** Stored data entries **
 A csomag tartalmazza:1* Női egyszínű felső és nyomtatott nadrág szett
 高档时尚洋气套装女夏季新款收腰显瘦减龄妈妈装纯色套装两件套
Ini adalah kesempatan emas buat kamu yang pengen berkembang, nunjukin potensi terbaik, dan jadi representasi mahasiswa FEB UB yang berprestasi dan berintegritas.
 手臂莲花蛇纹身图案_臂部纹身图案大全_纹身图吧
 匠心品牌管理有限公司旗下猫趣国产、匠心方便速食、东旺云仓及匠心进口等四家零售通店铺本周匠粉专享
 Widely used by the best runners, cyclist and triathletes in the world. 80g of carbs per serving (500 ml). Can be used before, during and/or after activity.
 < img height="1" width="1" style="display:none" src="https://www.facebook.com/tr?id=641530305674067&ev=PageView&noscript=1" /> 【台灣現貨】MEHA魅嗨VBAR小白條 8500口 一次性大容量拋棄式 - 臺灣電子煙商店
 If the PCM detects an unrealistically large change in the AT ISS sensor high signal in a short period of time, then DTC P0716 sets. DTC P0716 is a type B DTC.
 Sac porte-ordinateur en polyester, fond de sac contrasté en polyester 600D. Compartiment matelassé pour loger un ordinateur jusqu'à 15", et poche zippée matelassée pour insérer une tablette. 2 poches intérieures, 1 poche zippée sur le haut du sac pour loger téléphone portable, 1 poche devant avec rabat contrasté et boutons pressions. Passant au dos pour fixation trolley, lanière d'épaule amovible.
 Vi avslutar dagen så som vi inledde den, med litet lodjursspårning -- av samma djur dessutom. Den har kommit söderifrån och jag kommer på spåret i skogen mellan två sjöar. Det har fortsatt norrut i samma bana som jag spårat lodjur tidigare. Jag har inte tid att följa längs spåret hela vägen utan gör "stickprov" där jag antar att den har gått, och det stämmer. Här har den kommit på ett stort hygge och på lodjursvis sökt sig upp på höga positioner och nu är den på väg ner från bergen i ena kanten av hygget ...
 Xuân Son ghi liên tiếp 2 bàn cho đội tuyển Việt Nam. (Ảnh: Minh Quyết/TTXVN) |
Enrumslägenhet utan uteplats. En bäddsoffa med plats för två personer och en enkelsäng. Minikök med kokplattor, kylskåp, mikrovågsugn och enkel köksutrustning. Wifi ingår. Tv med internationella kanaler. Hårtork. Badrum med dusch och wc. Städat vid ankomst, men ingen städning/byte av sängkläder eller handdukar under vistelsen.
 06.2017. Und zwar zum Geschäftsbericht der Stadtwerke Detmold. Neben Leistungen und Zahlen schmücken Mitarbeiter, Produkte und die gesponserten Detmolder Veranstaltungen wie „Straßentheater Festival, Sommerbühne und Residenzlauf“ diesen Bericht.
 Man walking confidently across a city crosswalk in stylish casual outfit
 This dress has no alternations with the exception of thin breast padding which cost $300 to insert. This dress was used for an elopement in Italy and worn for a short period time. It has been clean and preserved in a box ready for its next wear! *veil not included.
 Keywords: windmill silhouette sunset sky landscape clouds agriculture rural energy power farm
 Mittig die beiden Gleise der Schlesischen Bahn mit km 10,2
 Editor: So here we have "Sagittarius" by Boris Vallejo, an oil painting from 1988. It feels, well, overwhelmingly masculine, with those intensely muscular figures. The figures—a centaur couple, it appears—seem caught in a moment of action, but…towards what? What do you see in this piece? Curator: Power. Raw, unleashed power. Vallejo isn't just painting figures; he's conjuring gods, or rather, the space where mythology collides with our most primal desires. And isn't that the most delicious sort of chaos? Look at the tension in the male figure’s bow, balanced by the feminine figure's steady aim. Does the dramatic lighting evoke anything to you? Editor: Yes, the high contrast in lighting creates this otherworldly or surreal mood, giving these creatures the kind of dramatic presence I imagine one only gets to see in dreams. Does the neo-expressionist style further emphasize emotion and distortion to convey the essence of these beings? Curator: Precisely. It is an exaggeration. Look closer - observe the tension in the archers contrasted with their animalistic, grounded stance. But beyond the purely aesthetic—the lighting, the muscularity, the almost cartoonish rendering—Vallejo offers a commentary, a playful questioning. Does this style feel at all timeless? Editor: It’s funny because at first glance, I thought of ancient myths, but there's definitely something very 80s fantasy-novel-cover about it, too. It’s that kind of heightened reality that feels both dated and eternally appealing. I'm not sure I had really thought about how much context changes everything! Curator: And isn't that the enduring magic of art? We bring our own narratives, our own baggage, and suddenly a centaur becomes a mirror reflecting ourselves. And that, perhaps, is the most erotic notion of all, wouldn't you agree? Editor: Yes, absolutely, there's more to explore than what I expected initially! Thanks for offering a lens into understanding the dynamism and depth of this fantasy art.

** EXERCISE OBJECTIVE **
Copy the entries word for word. Start at the first line and end with the line containing "Enrumslägenhet utan uteplats.".

** TASK RESPONSE **
 A csomag tartalmazza:1* Női egyszínű felső és nyomtatott nadrág szett
 高档时尚洋气套装女夏季新款收腰显瘦减龄妈妈装纯色套装两件套
Ini adalah kesempatan emas buat kamu yang pengen berkembang, nunjukin potensi terbaik, dan jadi representasi mahasiswa FEB UB yang berprestasi dan berintegritas.
 手臂莲花蛇纹身图案_臂部纹身图案大全_纹身图吧
 匠心品牌管理有限公司旗下猫趣国产、匠心方便速食、东旺云仓及匠心进口等四家零售通店铺本周匠粉专享
 Widely used by the best runners, cyclist and triathletes in the world. 80g of carbs per serving (500 ml). Can be used before, during and/or after activity.
 < img height="1" width="1" style="display:none" src="https://www.facebook.com/tr?id=641530305674067&ev=PageView&noscript=1" /> 【台灣現貨】MEHA魅嗨VBAR小白條 8500口 一次性大容量拋棄式 - 臺灣電子煙商店
 If the PCM detects an unrealistically large change in the AT ISS sensor high signal in a short period of time, then DTC P0716 sets. DTC P0716 is a type B DTC.
 Sac porte-ordinateur en polyester, fond de sac contrasté en polyester 600D. Compartiment matelassé pour loger un ordinateur jusqu'à 15", et poche zippée matelassée pour insérer une tablette. 2 poches intérieures, 1 poche zippée sur le haut du sac pour loger téléphone portable, 1 poche devant avec rabat contrasté et boutons pressions. Passant au dos pour fixation trolley, lanière d'épaule amovible.
 Vi avslutar dagen så som vi inledde den, med litet lodjursspårning -- av samma djur dessutom. Den har kommit söderifrån och jag kommer på spåret i skogen mellan två sjöar. Det har fortsatt norrut i samma bana som jag spårat lodjur tidigare. Jag har inte tid att följa längs spåret hela vägen utan gör "stickprov" där jag antar att den har gått, och det stämmer. Här har den kommit på ett stort hygge och på lodjursvis sökt sig upp på höga positioner och nu är den på väg ner från bergen i ena kanten av hygget ...
 Xuân Son ghi liên tiếp 2 bàn cho đội tuyển Việt Nam. (Ảnh: Minh Quyết/TTXVN) |
Enrumslägenhet utan uteplats. En bäddsoffa med plats för två personer och en enkelsäng. Minikök med kokplattor, kylskåp, mikrovågsugn och enkel köksutrustning. Wifi ingår. Tv med internationella kanaler. Hårtork. Badrum med dusch och wc. Städat vid ankomst, men ingen städning/byte av sängkläder eller handdukar under vistelsen.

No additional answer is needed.